American diplomat (born 1950)

Cynthia Grissom Efird (born 1950) is an American diplomat and career foreign service officer who served as the United States Ambassador to Angola from 2004 to 2007. She was succeeded by Dan Mozena.

==Education==
Efird went to the private Kingswood School in Bloomfield Hills, Michigan, and holds a Bachelor of Science in Foreign Service from the Edmund A. Walsh School of Foreign Service at Georgetown University and master's degrees from Duke University and the National War College of the National Defense University.

==Career==
Efird joined the United States Foreign Service in 1977. She served with the U.S. embassies in Yugoslavia (1978–1982), the East Germany (1983–1985), and Mozambique (1988–1989). From 1989 until 1993 she was press officer for both the U.S. embassy and the U.S. Delegation to the Organization for Security and Co-operation in Europe (OSCE), and volunteered to serve the United Nations peacekeeping forces in Somalia.

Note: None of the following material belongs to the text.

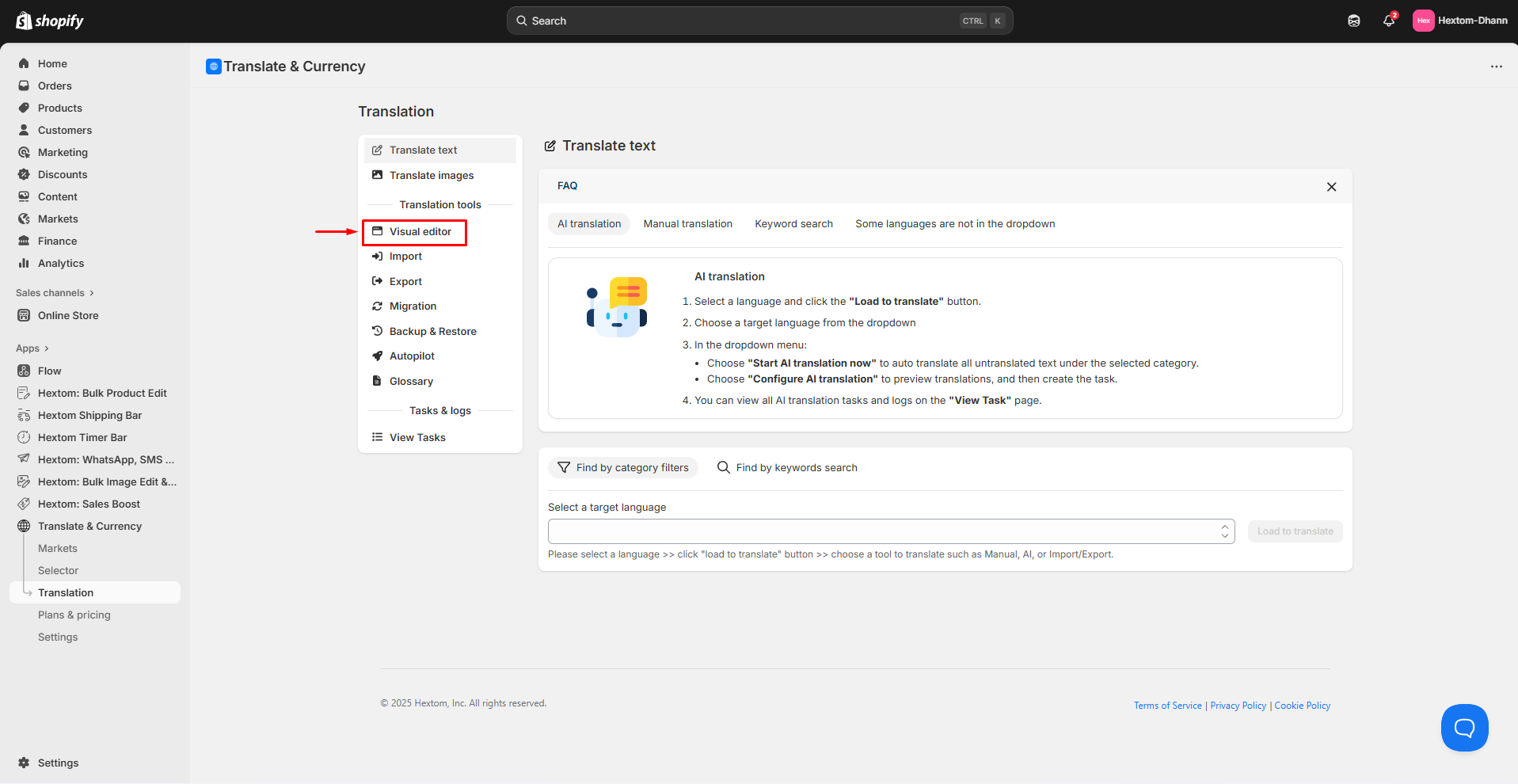 - Navigate to the "Visual Editor Tool" from the Translation page in our app.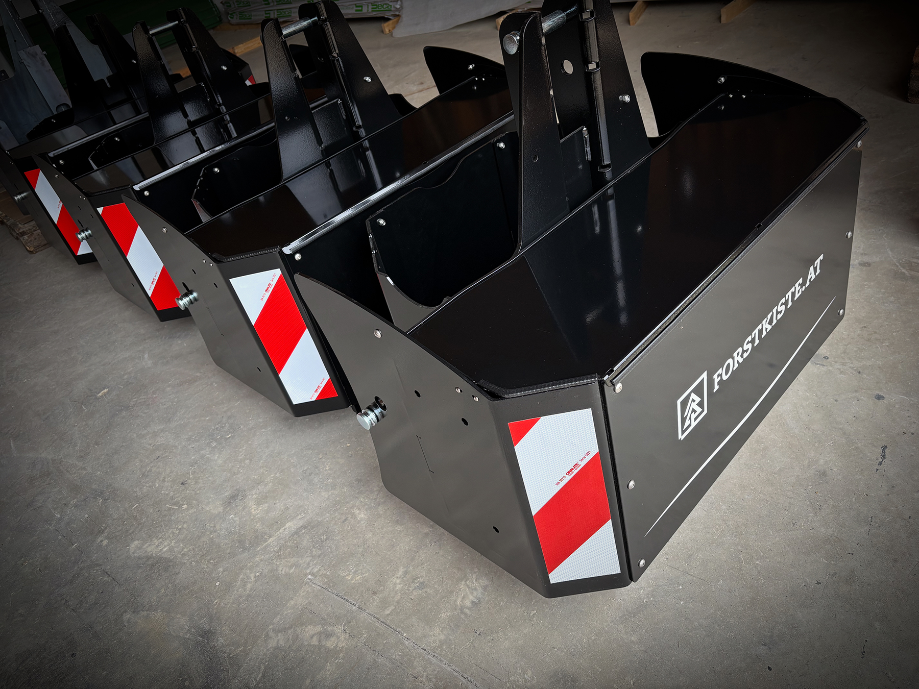 Die Forstkiste bietet ausreichend Platz, z.B. für 2 Motorsägen mit bis zu 50 cm Schwertlänge, zusätzliche Betriebsstoffe und Werkzeuge.

In 1997 she was appointed Deputy Counselor for Public Affairs in the US embassy in Moscow, Russia until 2000 when she returned to the OSCE to oversee the media sector in Kosovo on behalf of the UN.

She has also been Special Adviser to the Associate United States Trade Representative and immediately before her appointment as Ambassador to Angola, she was director of public affairs for the Bureau of African Affairs at the United States Department of State.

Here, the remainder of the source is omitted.